About NeMo CuratorConceptsText ConceptsData

Text Processing Concepts

View as Markdown

This guide covers the most common text processing workflows in NVIDIA NeMo Curator, based on real-world usage patterns from production data curation pipelines.

Most Common Workflows

The majority of NeMo Curator users follow these core workflows, typically in this order:

1. Quality Filtering

Most users start with basic quality filtering using heuristic filters to remove low-quality content:

Essential Quality Filters:

  • WordCountFilter - Remove too short/long documents
  • NonAlphaNumericFilter - Remove symbol-heavy content
  • RepeatedLinesFilter - Remove if content is too repetitive
  • PunctuationFilter - Ensure proper sentence structure
  • BoilerPlateStringFilter - Remove if content contains too much template/boilerplate text

2. Content Cleaning and Modification

Basic text normalization and cleaning operations:

Common Cleaning Steps:

  • UnicodeReformatter - Normalize Unicode characters
  • NewlineNormalizer - Standardize line breaks
  • Basic HTML/markup removal

3. Deduplication

Remove duplicate and near-duplicate content.
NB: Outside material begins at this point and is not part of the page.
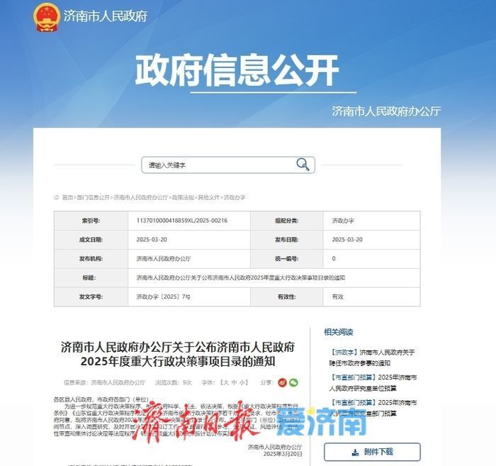为进一步规范重大行政决策程序,推进政府科学、民主、依法决策,根据《重大行政决策程序暂行条例》《山东省重大行政决策程序规定》和《济南市重大行政决策程序若干规定》要求,近日,市政府办公厅公布了《济南市人民政府2025年度重大行政决策事项目录》。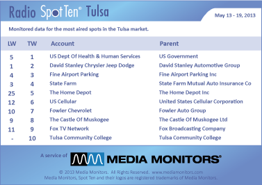 In Tulsa Town last week the #1 radio advertiser was the US DEPARTMENT OF HEALTH & HUMAN SERVICES with 436 spots. In at #2, DAVID STANLEY CHRYSLER JEEP DODGE airing 427 ads, while FINE AIRPORT PARKING slotted into #3 with 415 commercials. STATE FARM found #4 with 398 spots and THE HOME DEPOT grew from #25 to #5 with 370 spots. US CELLULAR leaped from #12 to #6 with 354 ads, while FOWLER CHEVROLET cruised into #7 with 348 spots. THE CASTLE OF MUSKOGEE moved into #8 with 347 spots and FOX TV NETWORK nestled into #9 with 334 spots. And coming in #10 was the TULSA COMMUNITY COLLEGE with 330 spots.

For comprehensive coverage of all deduplication approaches, refer to Curator’s Deduplication Concepts.

Exact Deduplication

Remove identical documents, especially useful for smaller datasets:

Implementation: MD5 or SHA-256 hashing for document identification

Fuzzy Deduplication

For production datasets, fuzzy deduplication is essential to remove near-duplicate content across sources:

Key Components:

  • Ray distributed computing framework for scalability
  • Connected components clustering for duplicate identification

Semantic Deduplication

Remove semantically similar content using embeddings for more sophisticated duplicate detection.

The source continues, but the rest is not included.